Detection Module#

Peak detection algorithms and transformers.

MaldiPeakDetector supports parallel processing via the n_jobs parameter. Use n_jobs=-1 to utilize all available CPU cores.

MaldiPeakDetector#

class maldiamrkit.detection.MaldiPeakDetector(method=PeakMethod.local, binary=True, persistence_threshold=1e-06, n_jobs=1, prominence=None, height=None, distance=None, width=None, **kwargs)[source]#

Bases: BaseEstimator, TransformerMixin

Peak detector for MALDI-TOF spectra with local maxima and topological methods.

The transformer maintains the original feature dimension; all non-peak positions are set to 0. Peaks can be returned as binary flags or with their original intensities.

Parameters:
  • method ({"local", "ph"}, default="local") – Detection method to use: - “local” : Local maxima detection using scipy.signal.find_peaks - “ph” : Persistent homology based detection using gudhi

  • binary (bool, default=True) – If True, peaks are marked with 1; otherwise, original intensity is kept.

  • persistence_threshold (float, default=1e-6) – Minimum persistence (death - birth) required for a peak when using method=”ph”. For normalized spectra (sum=1), typical values are 1e-6 to 1e-4. Higher values detect fewer, more prominent peaks.

  • n_jobs (int, default=1) – Number of parallel jobs for peak detection. Use -1 for all available cores, 1 for sequential processing. Parallelization is particularly beneficial for the “ph” method which is CPU-intensive.

  • prominence (float or None, default=None) – Minimum prominence of peaks (recommended: 1e-5 to 1e-2). Passed to scipy.signal.find_peaks() when method="local".

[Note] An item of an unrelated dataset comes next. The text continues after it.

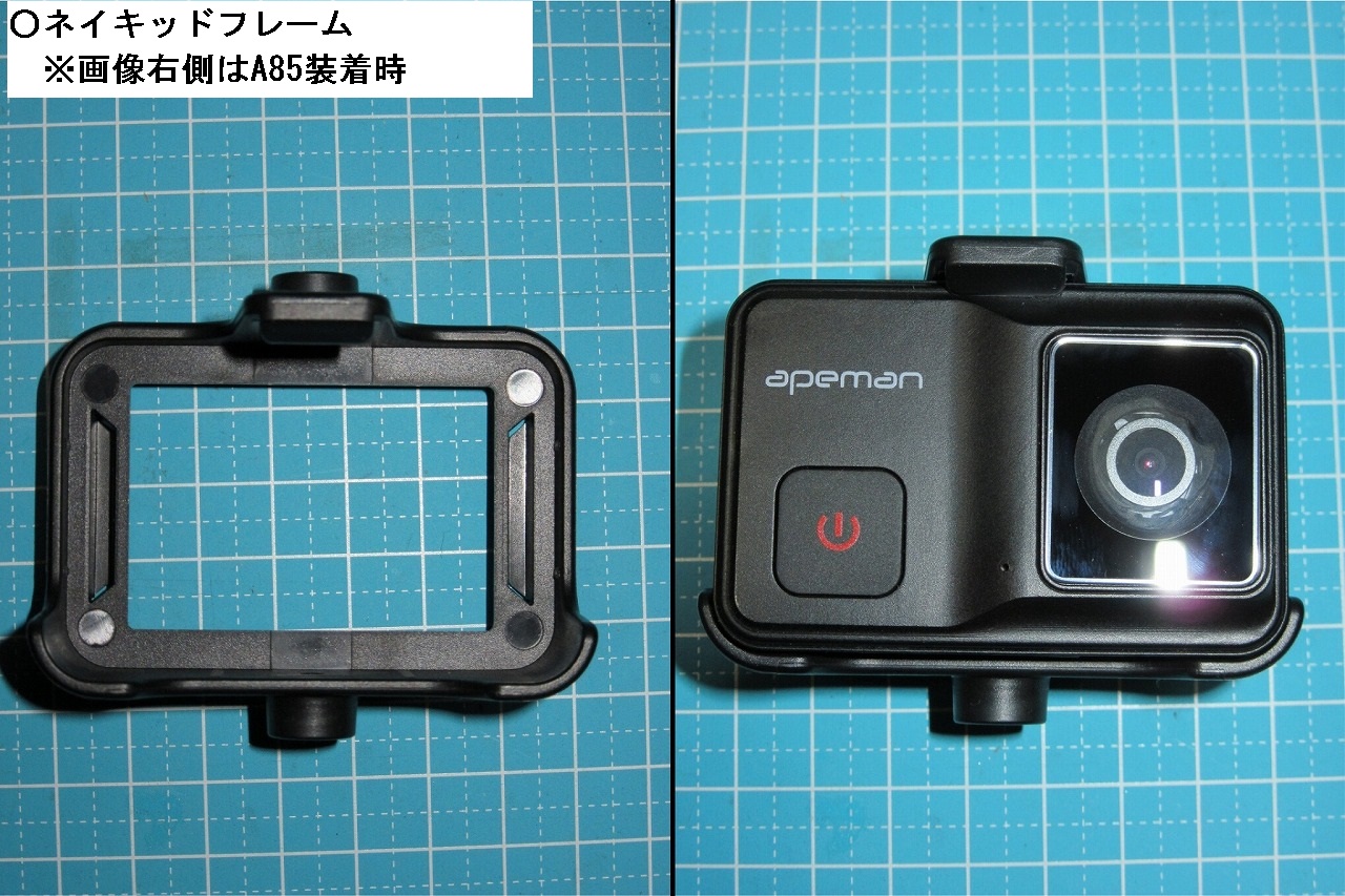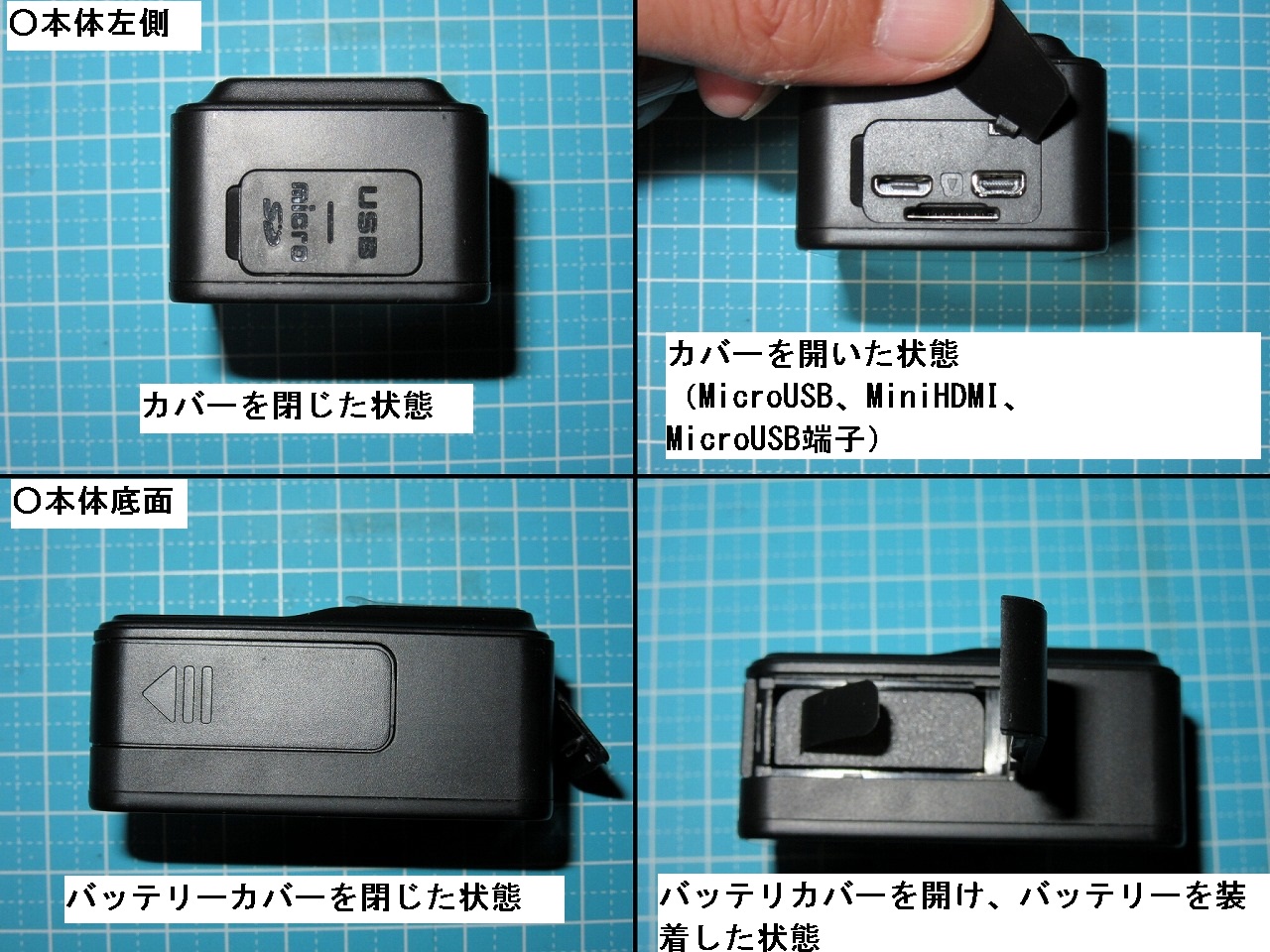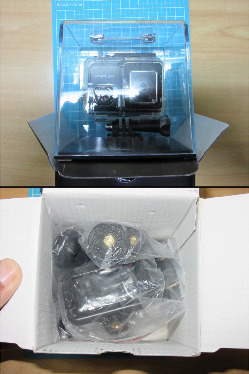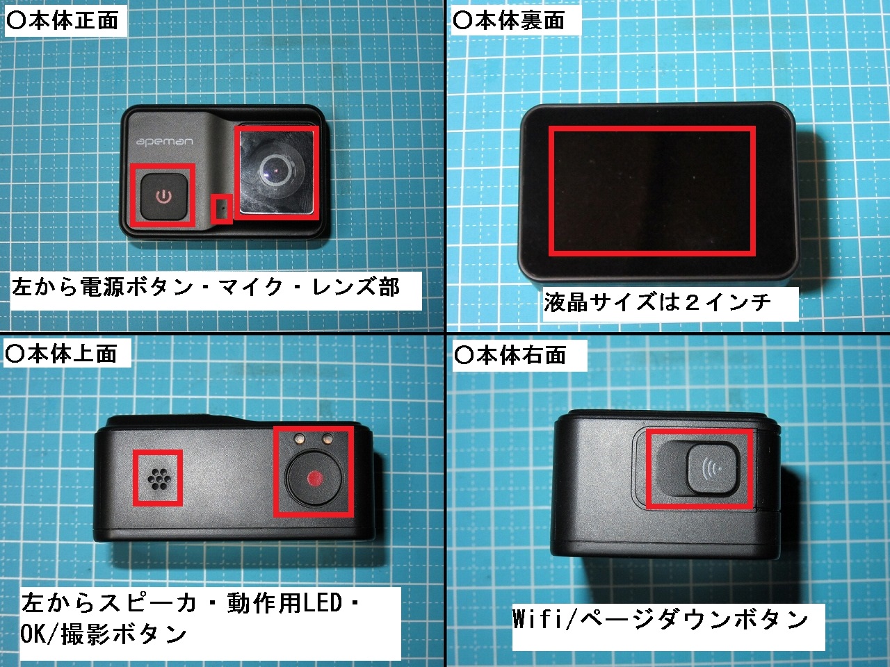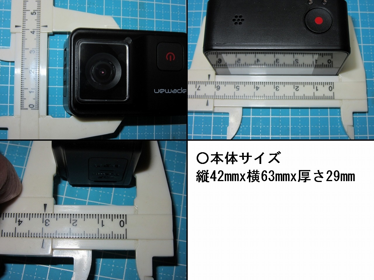| その他 | ・防水ケース使用時の防水はIP68で約30m ・日時保持用バッテリー搭載 ・ネイキッドフレーム付属(本体には三脚用ネジ穴無し) ・車載モード無し ・デジタルズーム無し ・PC接続時にはUSBストレージ又はWebカメラとして使用可能 ※Windows10のみでWindows7は確認中 ・リモコンは付属しない |

  • height (float or None, default=None) – Minimum height of peaks. Passed to scipy.signal.find_peaks() when method="local".

  • distance (int or None, default=None) – Minimum distance between peaks in bins. Passed to scipy.signal.find_peaks() when method="local".

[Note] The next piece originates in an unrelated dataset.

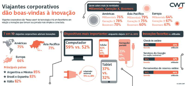 Pesquisa realizada pela CWT, empresa de gestão de viagens B2B4E (Business to Business for Employees), mostra que 71% dos viajantes a negócios em todo o mundo buscam adotar a inovação tecnológica em suas viagens. Os viajantes das Américas e da região Ásia-Pacífico são os mais propensos à utilização de novidades, com 75% e 71%, respectivamente. Os europeus, por outro lado, são mais cautelosos com as mudanças – 7% deles relutam em adotar a inovação em viagens, contra 5% da Ásia-Pacífico e 3% dos viajantes das Américas. No Brasil, 83% dos viajantes dizem estar abertos à inovação durante uma viagem a trabalho.

  • width (float or None, default=None) – Minimum width of peaks. Passed to scipy.signal.find_peaks() when method="local".

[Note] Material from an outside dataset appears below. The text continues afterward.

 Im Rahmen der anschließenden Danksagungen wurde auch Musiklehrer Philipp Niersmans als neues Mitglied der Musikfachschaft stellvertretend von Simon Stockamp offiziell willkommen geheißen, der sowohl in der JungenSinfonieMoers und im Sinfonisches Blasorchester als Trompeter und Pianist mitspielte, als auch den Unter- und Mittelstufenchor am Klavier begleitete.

  • **kwargs – Additional keyword arguments passed to scipy.signal.find_peaks() when method="local".

Notes

For MALDI-TOF spectra normalized to sum=1: - prominence=1e-5 to 1e-3 typically works well for local maxima - persistence_threshold=1e-6 to 1e-4 for persistent homology

Raises:

ValueError – If method is not one of ‘local’ or ‘ph’.

Parameters:

Examples

>>> # Local maxima detection with prominence filter
>>> detector = MaldiPeakDetector(method="local", prominence=0.01)
>>> peaks = detector.fit_transform(spectra_df)
>>> # Persistent homology based detection
>>> detector = MaldiPeakDetector(method="ph", persistence_threshold=1e-6)
>>> peaks = detector.fit_transform(spectra_df)
__init__(method=PeakMethod.local, binary=True, persistence_threshold=1e-06, n_jobs=1, prominence=None, height=None, distance=None, width=None, **kwargs)[source]#
Parameters:
Return type:

None

fit(X, y=None)[source]#

Fit the peak detector (no learning performed).

Parameters:
  • X (pd.DataFrame) – Input spectra with shape (n_samples, n_bins).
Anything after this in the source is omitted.